About Ivivi Technologies, Inc.
Based in Montvale, NJ, Ivivi Technologies, Inc. is a medical technology company focusing on designing, developing and commercializing its proprietary electrotherapeutic technology platform, with a primary focus on developing treatments for cardiovascular disease. Ivivi's research and development activities are focused specifically on targeted pulsed electromagnetic field, or tPEMF(tm), technology, which, by creating a therapeutic electrical current in injured soft tissue, modulates biochemical and physiological healing processes to help repair the injured tissue and reduce related pain and inflammation. The Company's Electroceuticals(r) have historically been used in non-invasive treatments for a wide array of conditions, including chronic wounds, pain and edema following plastic and reconstructive surgery and chronic inflammatory disorders. The Company's most recent clinical studies have shown significant reductions in anginal pain and increases in blood flow to the heart in certain cardiac patients. Additional studies will be focused in this area. The Company also expects to seek strategic partners to pursue other markets, such as osteoarthritis, neurology and other inflammatory-related conditions.

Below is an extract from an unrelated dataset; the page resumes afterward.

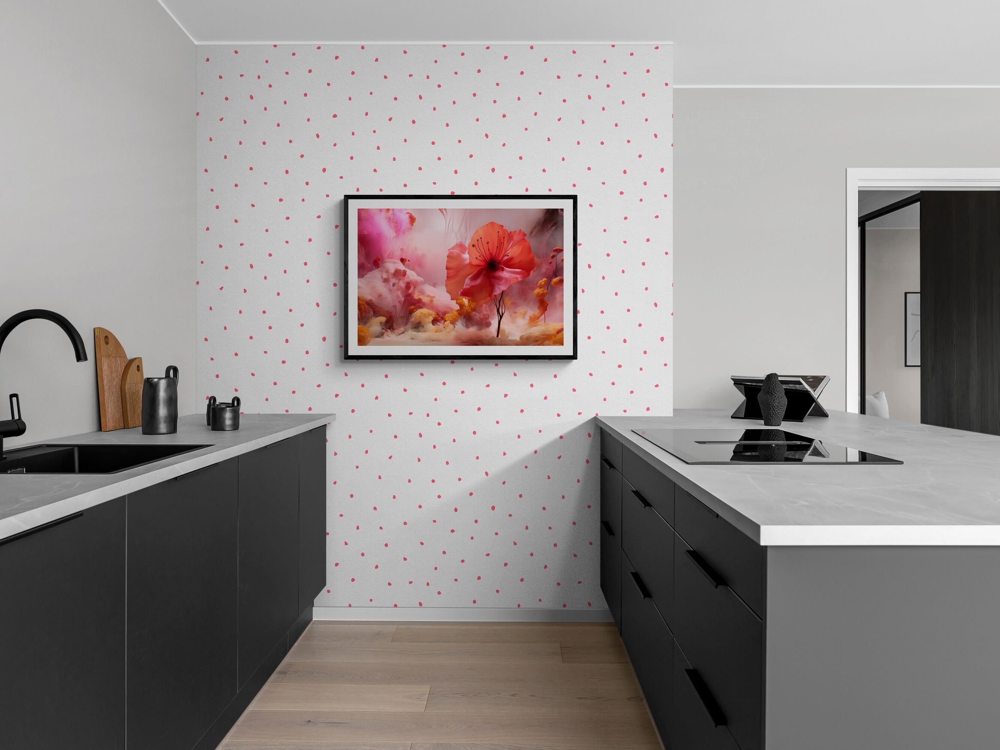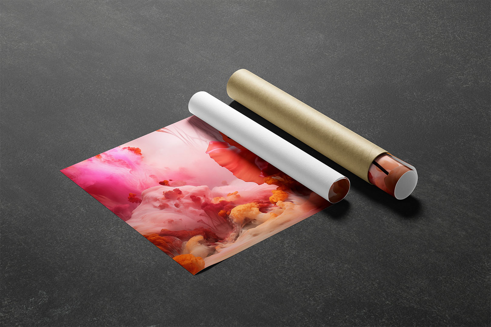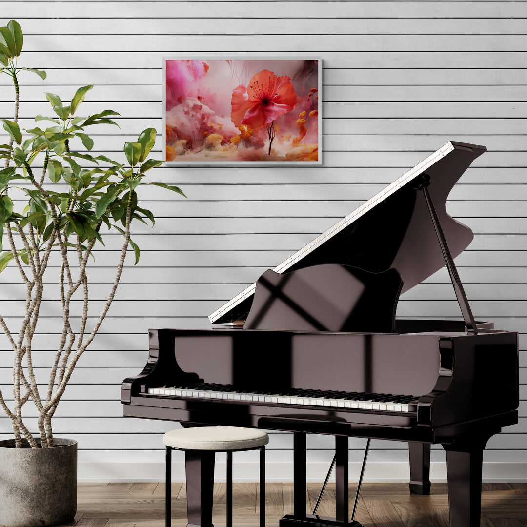Ein leuchtender, fast surreal wirkender Mohn erhebt sich in einer verträumten Landschaft aus schwebenden Nebelschwaden und sanften Farbübergängen. Die Szenerie scheint aus fließenden Pigmenten und Wolken zu bestehen, in denen sich warme Rottöne mit sanften Pfirsich- und Goldnuancen vermischen. Der filigrane Blütenstempel ragt aus den üppigen Blättern heraus und verleiht dem Motiv eine fast skulpturale Eleganz. Eine Komposition, die Natur und Fantasie in einem atmosphärischen Farbspiel vereint.

Forward-Looking Statements This release contains "forward-looking statements" made pursuant to the safe harbor provisions of the Private Securities Litigation Reform Act of 1995, including those related to our current and future studies, regulatory clearance and approvals, strategic partnerships and future sales. Forward-looking statements reflect management's current knowledge, assumptions, judgment and expectations regarding future performance or events. Although management believes that the expectations reflected in such statements are reasonable, they give no assurance that such expectations will prove to be correct and you should be aware that actual results could differ materially from those contained in the forward-looking statements. Forward-looking statements are subject to a number of risks and uncertainties, including, but not limited to, the Company's limited operating history, history of significant and continued operating losses and substantial accumulated earnings deficit, difficulties with its financial accounting controls, the failure of the market for the Company's products to continue to develop, the inability for customers to receive third party reimbursement, the inability to obtain additional capital, the inability to protect the Company's intellectual property, the loss of any executive officers or key personnel or consultants, competition, changes in the regulatory landscape or the imposition of regulations that affect the Company's products and other risks detailed from time to time in the Company's filings with the Securities and Exchange Commission, including the Company's From 10-KSB for the fiscal year ended March 31, 2008. The Company assumes no obligation to update the information contained in this press release.